Arlo Technologies (ARLO)

Liquidity ratios

Dec 31, 2023 Dec 31, 2022 Dec 31, 2021 Dec 31, 2020 Dec 31, 2019
Current ratio 1.55 1.43 1.44 1.50 1.60
Quick ratio 1.25 1.11 1.21 1.20 1.31
Cash ratio 0.85 0.70 0.83 0.87 0.87

The liquidity ratios of Arlo Technologies Inc over the past five years show a mixed performance in terms of short-term financial health and ability to meet its current obligations.

The current ratio, which measures the company's ability to cover its short-term liabilities with its current assets, has been relatively stable over the years, ranging from 1.43 to 1.60. A current ratio above 1 indicates that the company has more current assets than current liabilities, suggesting a healthy liquidity position. Arlo Technologies Inc's current ratio has mostly been above 1, indicating sufficient short-term liquidity.

The quick ratio, also known as the acid-test ratio, provides a more stringent measure of liquidity by excluding inventory from current assets. Arlo Technologies Inc's quick ratio has fluctuated between 1.15 and 1.36 over the past five years. A quick ratio above 1 indicates that the company can meet its short-term liabilities without relying on selling inventory, which is generally considered a positive sign. While the company's quick ratio has shown some variability, it has generally remained above 1, indicating a reasonable ability to meet short-term obligations.

The cash ratio, which is the most conservative measure of liquidity, calculates the company's ability to cover its current liabilities using only cash and cash equivalents. Arlo Technologies Inc's cash ratio has ranged from 0.74 to 0.93 over the past five years. A cash ratio above 1 would mean the company holds more cash than its current liabilities, which is rarely seen in practice. The company's cash ratio has consistently been below 1, suggesting that it relies on sources other than cash to meet its short-term obligations.

Overall, the liquidity ratios of Arlo Technologies Inc indicate a reasonably healthy liquidity position, with the current and quick ratios generally above 1, reflecting a sufficient level of current assets to cover short-term liabilities. However, the company's cash ratio remaining consistently below 1 indicates a reliance on assets other than cash to meet short-term obligations. It is essential for the company to maintain a balance between current assets and liabilities to ensure continued financial stability.


Additional liquidity measure

Dec 31, 2023 Dec 31, 2022 Dec 31, 2021 Dec 31, 2020 Dec 31, 2019
Cash conversion cycle days 34.27 44.58 28.27 81.40 73.17

The cash conversion cycle of Arlo Technologies Inc has shown fluctuations over the past five years, reflecting changes in the company's efficiency in managing its working capital.

In 2023, the cash conversion cycle decreased to 29.63 days, indicating that Arlo Technologies has improved its ability to convert its investments in inventory into cash quickly. This may suggest better inventory management and faster collection of receivables, leading to a more efficient cash flow cycle.

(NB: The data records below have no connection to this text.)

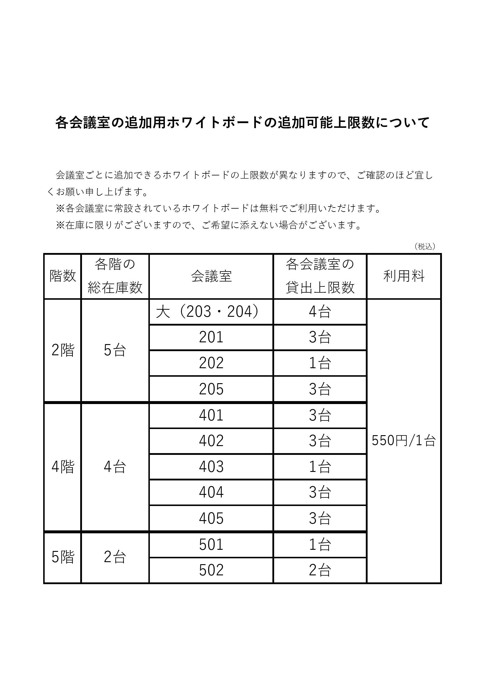 【お知らせ】各会議室の追加ホワイトボードの追加可能上限数のご案内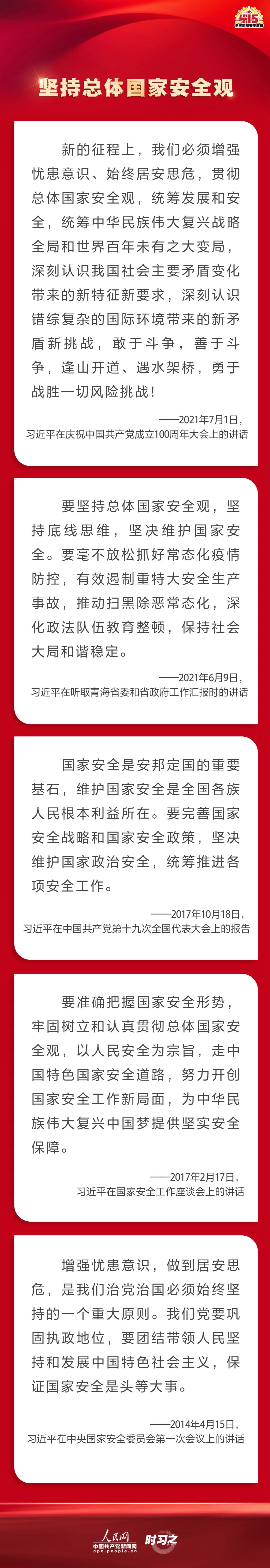 備豫不虞,為國常道。實現(xiàn)中華民族偉大復興的中國夢,保證人民安居樂業(yè),國家安全是頭等大事。在第七個全民國家安全教育日到來之際,一起回顧習近平總書記在不同場合就維護、筑牢國家安全觀發(fā)表的一系列重要論述,增強維護國家安全的責任感、使命感、緊迫感。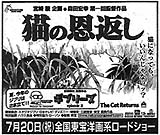 読売新聞の金曜夕刊の2面全面に掲載された「猫の恩返し」公開記念特集。鈴木敏夫プロデューサーへのインタビュー記事を中心に、「猫の恩返し」「ギブリーズ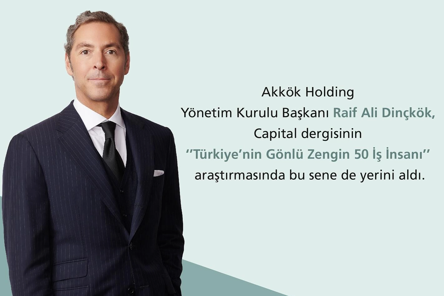 Dinçkök, “Sosyal sorumluluk faaliyetlerimize kararlılıkla devam edeceğiz”Farklı Akkök Holding grup şirketlerinde de Yönetim Kurulu Başkan Vekili ve Yönetim Kurulu Üyesi olarak yer alan Raif Ali Dinçkök, 2023 yılında tüm grup şirketleriyle birlikte yaptıkları bağışlarla Capital Dergisi’nin “Türkiye’nin Gönlü Zengin 50 İş İnsanı” araştırmasında yerini aldı. Akkök Holding olarak sürdürülebilir kalkınma projeleriyle toplumsal cinsiyet eşitliği, eğitim, kültür, sanat ve çevre konularında önemli adımlar atmayı sürdürdüklerini belirten Dinçkök, “Bu başarıyı kutlarken, ülkemizin gelişimine katkı sağlamaya devam edeceğimizi gururla belirtmek istiyoruz. Daha iyi bir gelecek için sosyal sorumluluk faaliyetlerimize kararlılıkla devam edeceğiz.” dedi.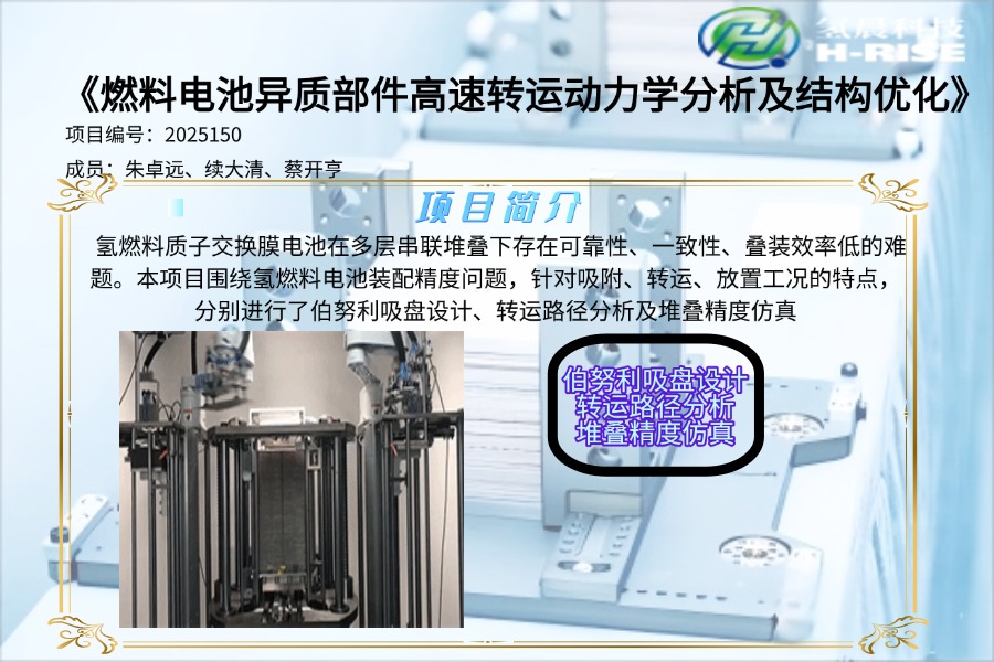 目前,质子交换膜燃料电池是目前技术成熟度最高、应用最广泛的一种燃料电池。大功率燃料电池电堆包含数百副金属极板、膜电极弱刚性薄板部件层叠装配,为保证单电池一致性和密封,对装配精度要求极高。在实际的工业装配过程中,常常采用机械臂加真空负压吸附进行这一重复的转运和定位操作,由于电堆制造精度、效率难兼顾,存在着吸附不牢,叠装不准,节拍不快的技术难题,本项目拟进行有关真空吸附转运以及堆叠过程中针对极板和电极薄板的研究,以提高效率,延长电池寿命。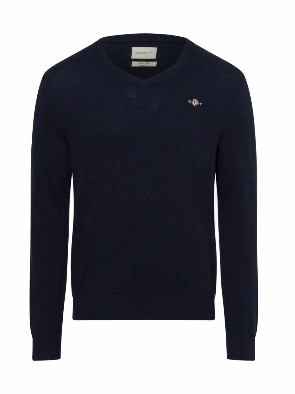 Ein wunderbarer Pullover aus kuscheliger Wolle: Mit dem zarten Logo-Design und dem zeitlosen V-Ausschnitt ist dieser Pullover von Gant eine echte Bereicherung für deine Casual-Garderobe.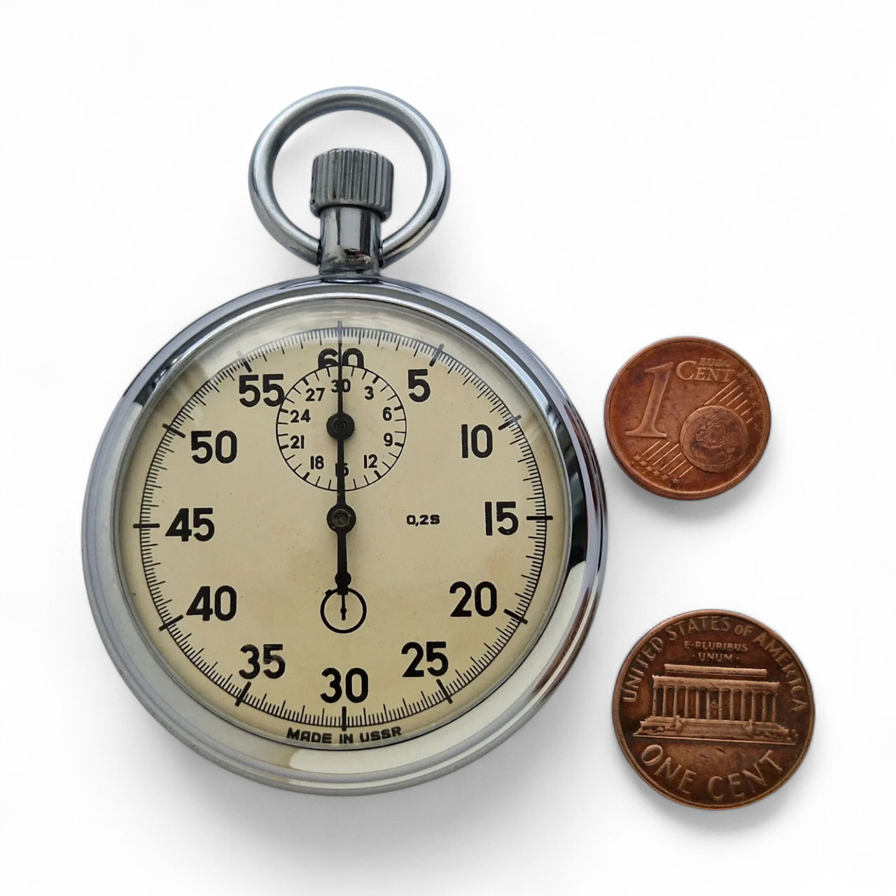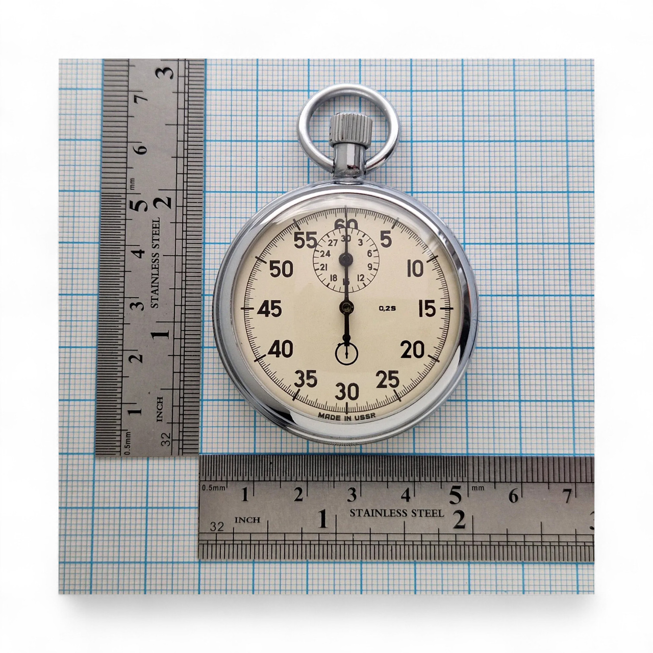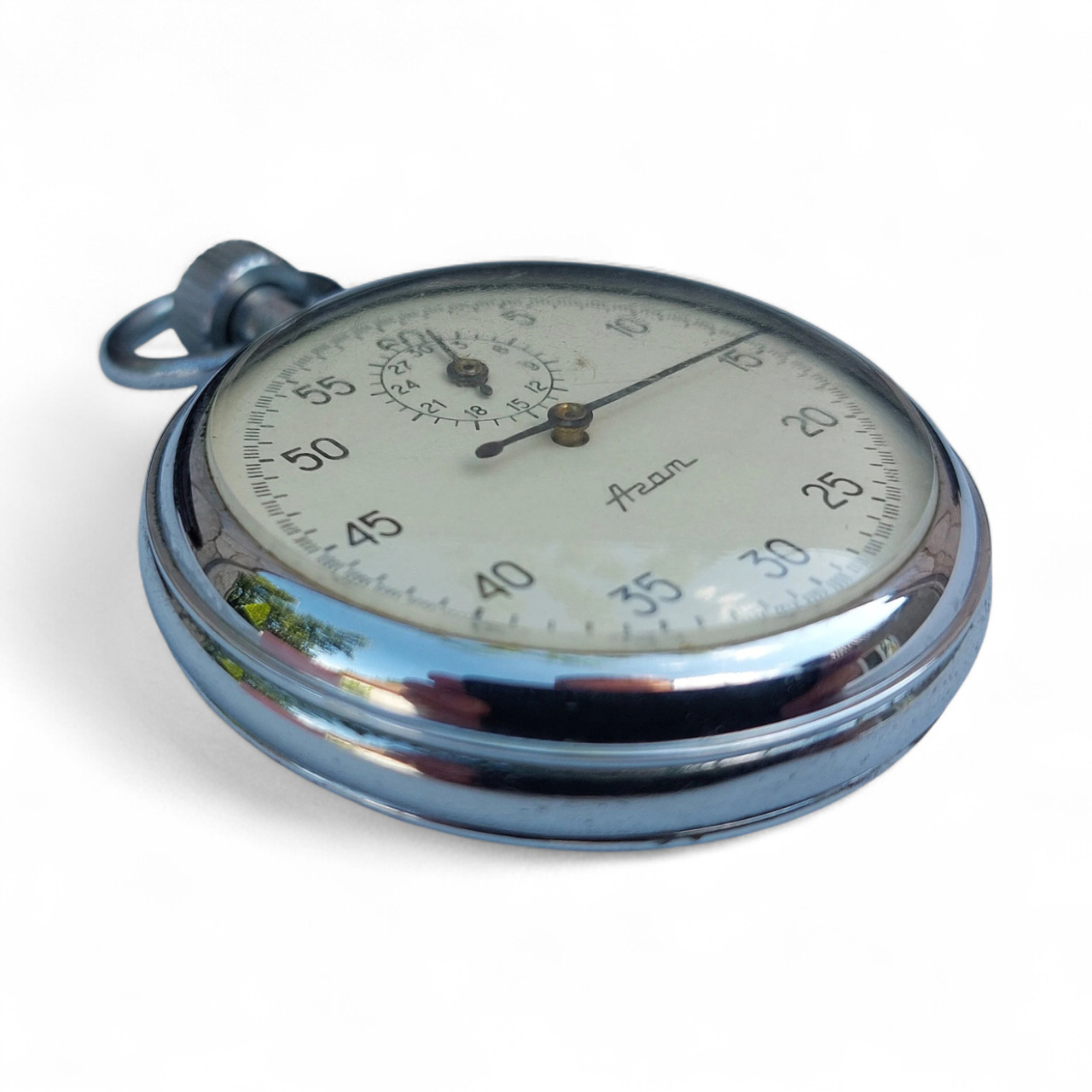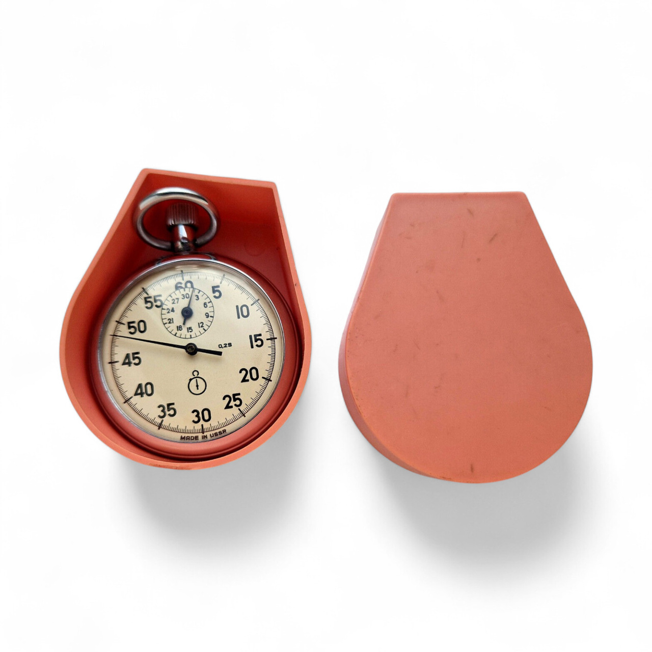 Vintage AGAT mechanical stopwatch, manufactured in the 1970s in the former Soviet Union by the Agat watch factory in Zlatoust. Model with 15 jewels, manual winding mechanism, and analog display.

In 2022, the cash conversion cycle increased to 43.35 days from the previous year. This increase could be attributed to slower inventory turnover or delays in collecting receivables, which may have impacted the company's cash flow efficiency negatively.

The cash conversion cycle was at its lowest in 2021, at 15.74 days, indicating a significant improvement in efficiency compared to the prior years. This suggests that Arlo Technologies was able to manage its working capital effectively, leading to a quicker conversion of inventory and receivables into cash.

In 2020 and 2019, the cash conversion cycle was significantly higher at 82.41 days and 78.60 days, respectively. These elevated levels suggest that the company may have faced challenges in managing its working capital efficiently during those years, leading to slower cash conversion cycles.

Overall, fluctuations in the cash conversion cycle of Arlo Technologies Inc over the past five years highlight the importance of effectively managing working capital components such as inventory, payables, and receivables to optimize cash flow efficiency.